Below is a listing to transcribe in full and exactly; keep the pictures out.

* _Data_
'''

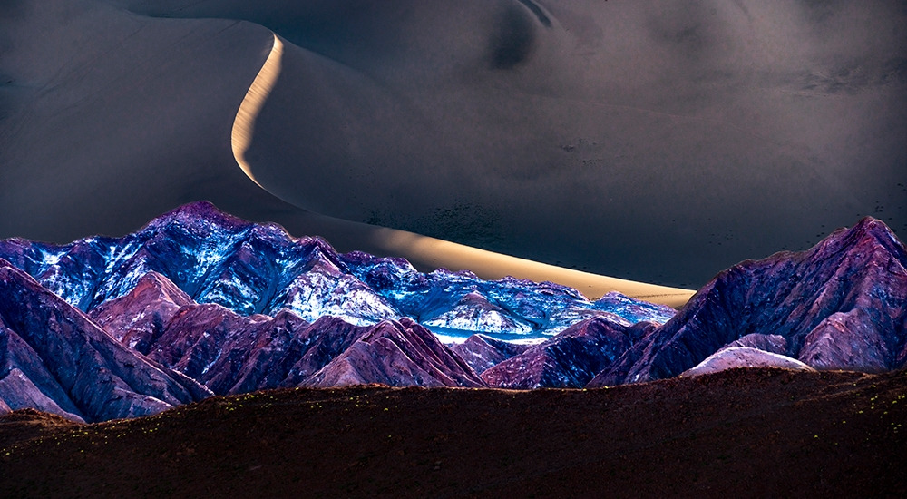 데스 밸리의 붉은 산과 뒤의 모래산 칼날 능선에 석양이 비치고 있다.
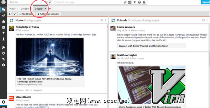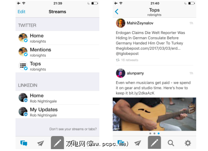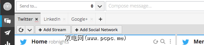 下面,您可以看到我在Twitter选项卡中添加了三个流:主页,显示了我的主要Twitter feed。 提及,其中显示了所有提及我的推文;和 Tops (Tops),这是我的Twitter列表之一的流。我还可以基于关键字和主题标签添加流。
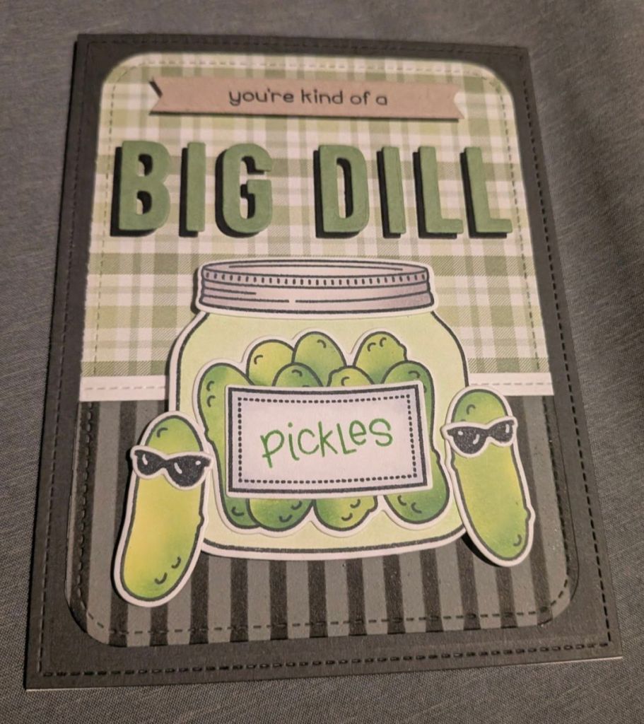 This was the original card I made using the coloring stencils. At least I was able to receive this picture after I sent it! 😊 I used Lawn Fawn Celery Stick ink for the background of the jar and distress oxide inks Twisted Citron and Mowed Lawn for the pickles.

'''

* _Reply to the task_
 데스 밸리의 붉은 산과 뒤의 모래산 칼날 능선에 석양이 비치고 있다.
 下面,您可以看到我在Twitter选项卡中添加了三个流:主页,显示了我的主要Twitter feed。 提及,其中显示了所有提及我的推文;和 Tops (Tops),这是我的Twitter列表之一的流。我还可以基于关键字和主题标签添加流。
 This was the original card I made using the coloring stencils. At least I was able to receive this picture after I sent it! 😊 I used Lawn Fawn Celery Stick ink for the background of the jar and distress oxide inks Twisted Citron and Mowed Lawn for the pickles.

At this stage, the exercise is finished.